“A.M.T.” was 8 weeks old when she was brought to the United States from Italy by her mother, who claims she was fleeing an abusive relationship.
Four years later, the Supreme Court has agreed to consider a case next term that could determine whether the girl can return to the U.S. with her mother, or whether she must remain in Italy, where she’s lived with her father since a court ordered her returned there.
It’s the fourth high court case in the past decade dealing with the Hague Convention on the Civil Aspects of International Child Abduction, which is intended to return children abducted by a parent and taken across international borders. More than 230 children were returned to the U.S. under the Hague Convention in 2018 alone, according to the State Department.

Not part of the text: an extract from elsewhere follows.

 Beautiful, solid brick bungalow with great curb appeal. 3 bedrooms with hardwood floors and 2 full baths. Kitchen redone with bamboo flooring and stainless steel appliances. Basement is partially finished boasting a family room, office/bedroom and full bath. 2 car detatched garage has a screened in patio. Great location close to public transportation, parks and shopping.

The appeal here centers around the central question in Hague cases of “habitual residence,” which determines where a child will remain while divorce and custody proceedings play out.
The Cincinnati-based U.S. Court of Appeals for the Sixth Circuit deferred to the trial court’s determination that the girl’s habitual residence was Italy. It also said a subjective agreement between the two parents to raise their child in a particular country wasn’t necessary to find that the country was the child’s habitual residence.
That decision divided the Sixth Circuit 10-8, and created splits with other circuit courts, according to the mother’s Supreme Court petition.
There’s a three-way split on the proper level of deference that an appellate court should give to a trial court’s finding regarding habitual residence, and a separate one over the requirement of a subjective agreement, she said.
The case is Monasky v. Taglieri, U.S., No. 18-935, review granted 6/10/19.